In the ischemic CAD group, oxygen consumption did not change from fasting to OGTT, whereas it was significantly increased in the other groups. Researchers observed elevated fasting glucose oxidation rate and depressed fatty acid oxidation rate in the ischemic CAD group. Significant changes from the fasting state to OGTT were found for all groups.
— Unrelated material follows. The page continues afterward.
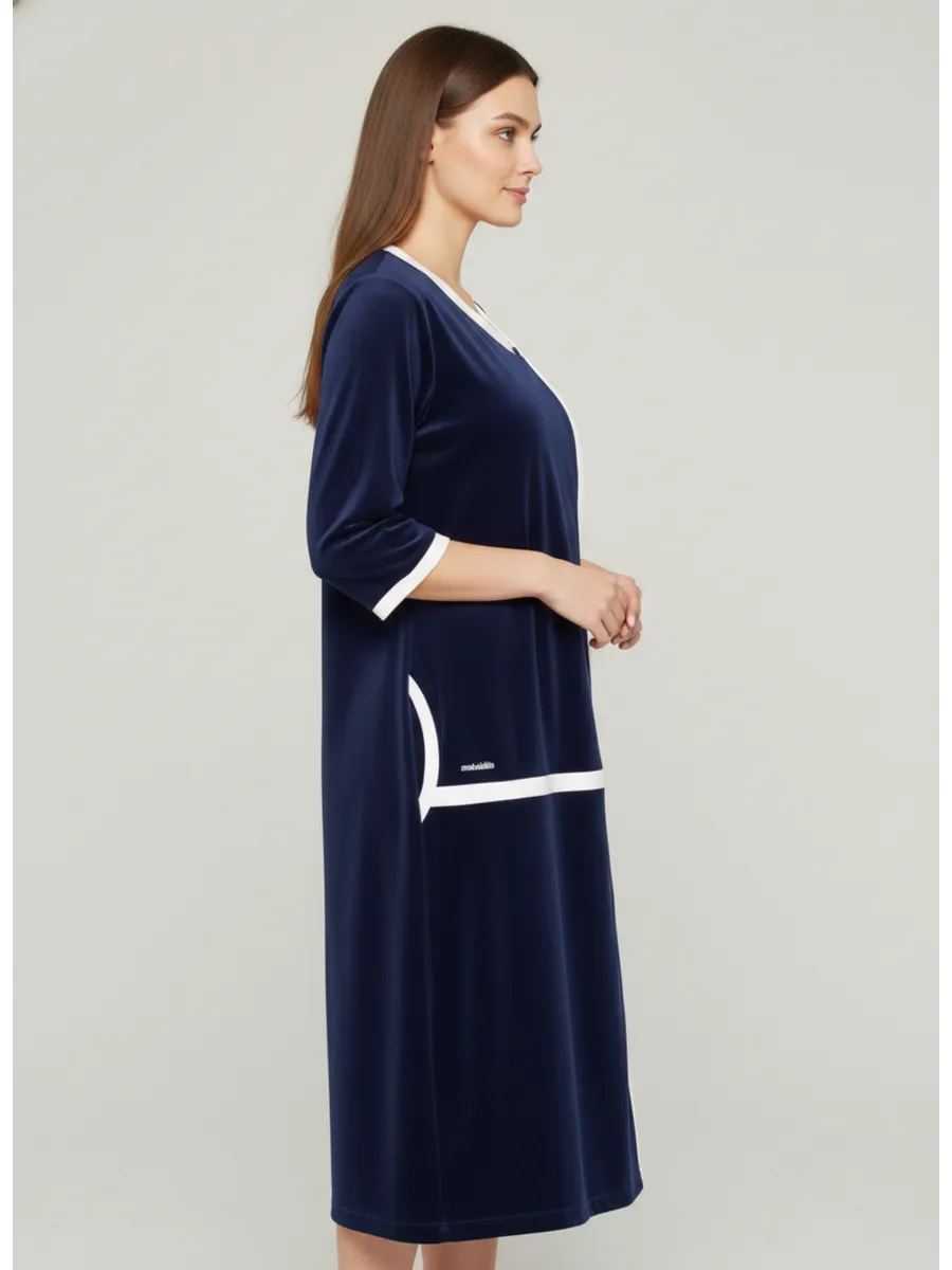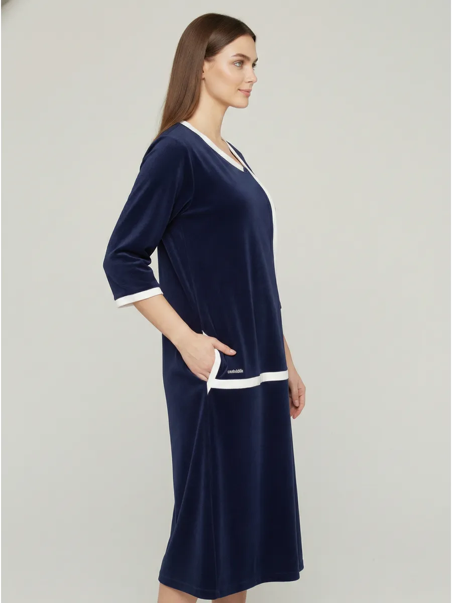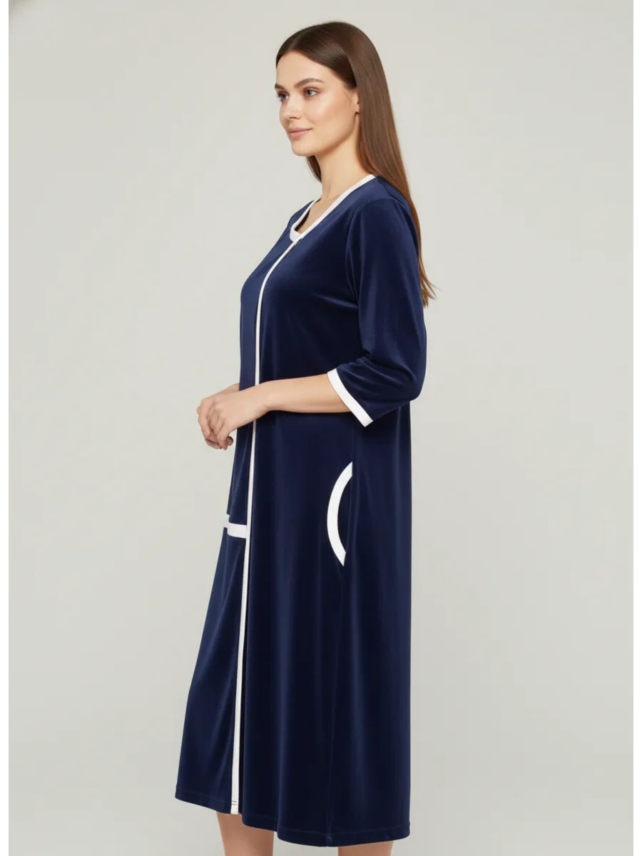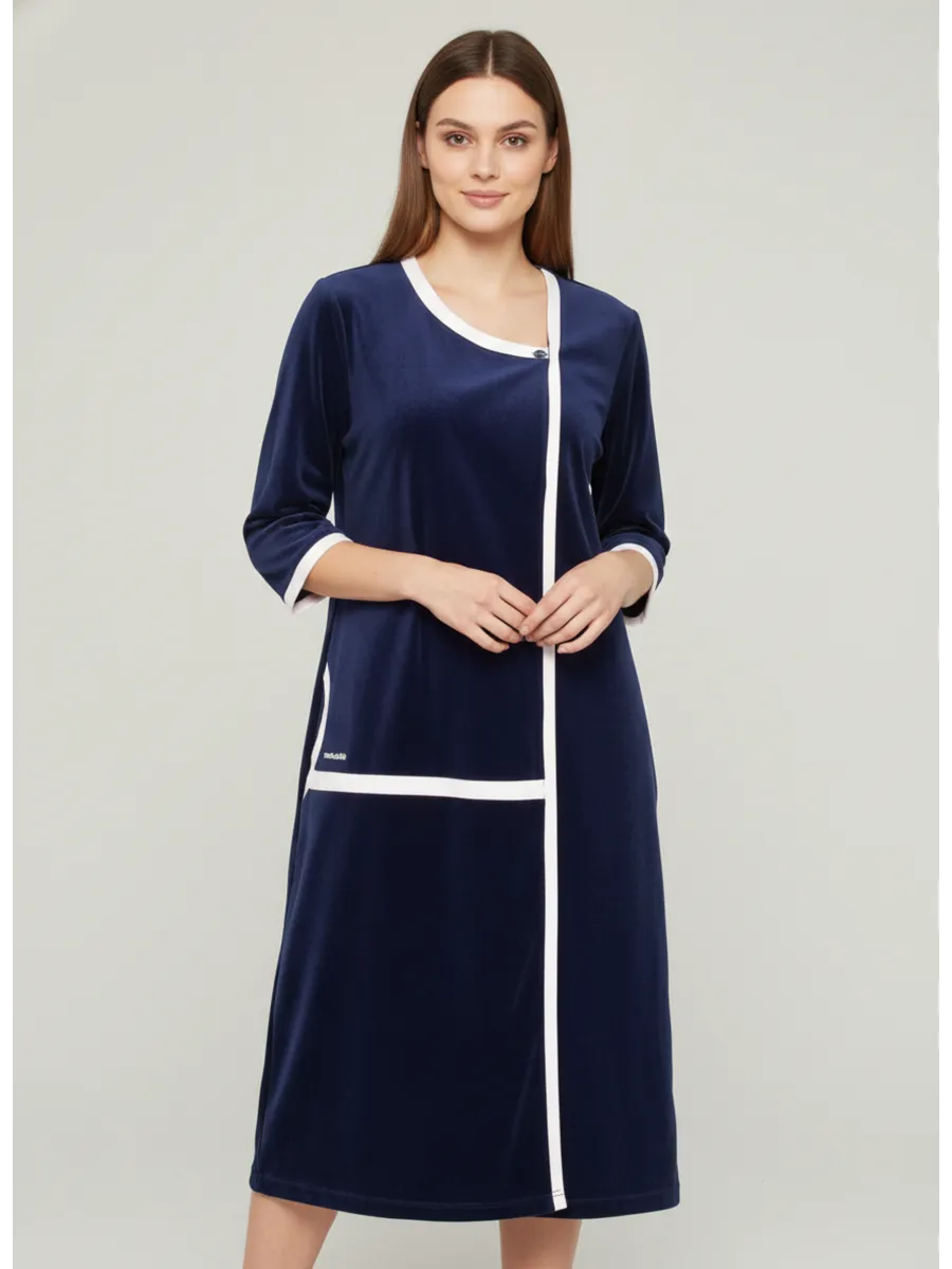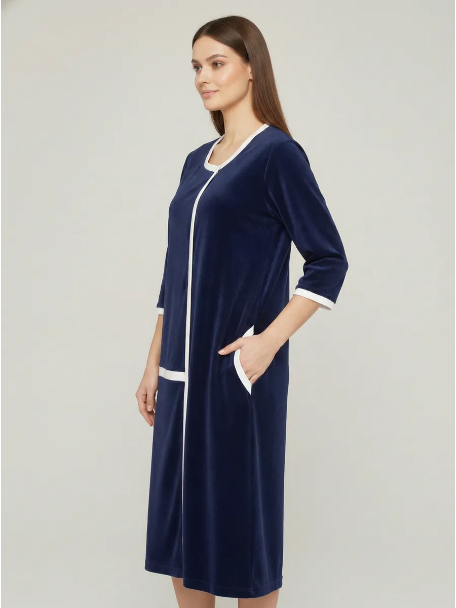 Особенность модели – замок и большие карманы, которые обеспечивают удобство и функциональность, а также возможность хранить мелочи под рукой. Молния прикрыта планкой и халат выглядит как платье. Халат подойдет для кормящих женщин и беременных, обеспечивая комфорт и легкость в использовании. Халат сшит из велюра высшего сорта производства Турция, с высоким содержанием хлопка, стойкий к износу, не линяет. Изделие сочетает в себе долговечность и стиль, соответствующий самым популярным трендам 2025 и 2026 годов.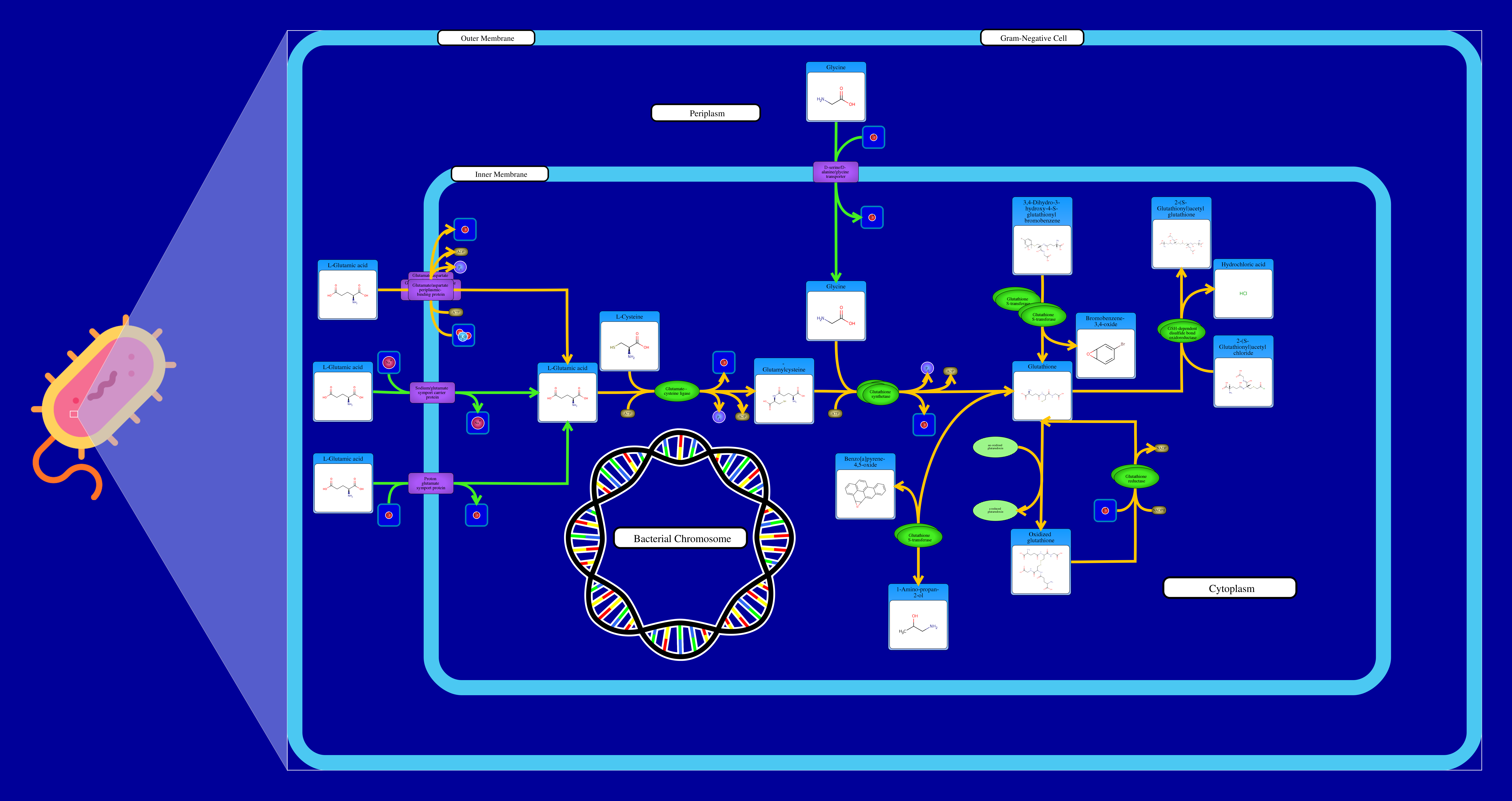 Enter relative concentration values (without units). Elements will be highlighted in a color gradient where red = lowest concentration and green = highest concentration. For the best results, view the pathway in Black and White.

Compared with the CAD-alone group, the ischemic CAD group had higher calcium score and lower myocardial perfusion involving all left-ventricular regions.

Compared with the no-CAD group, the ischemic CAD group had increased epicardial and pericardial fat. Liver and pancreatic fat contents did not differ between the two CAD groups; however, triglyceride content in the heart was increased in the ischemic CAD group. Links were found between triglyceride levels in the liver, pancreas and heart with mass of abdominal intra-peritoneal or retroperitoneal visceral adipose tissue.

“Our results reveal important metabolic adaptations occurring in patients with CAD,” the researchers wrote. “The current findings highlight the existence of an independent relationship between CAD and beta-cell function, which is strengthened in the situation of myocardial ischemia, whereas our data do not support the concept that CAD per se leads to whole body insulin resistance.” – by Amber Cox

Disclosure: The researchers report no relevant financial disclosures.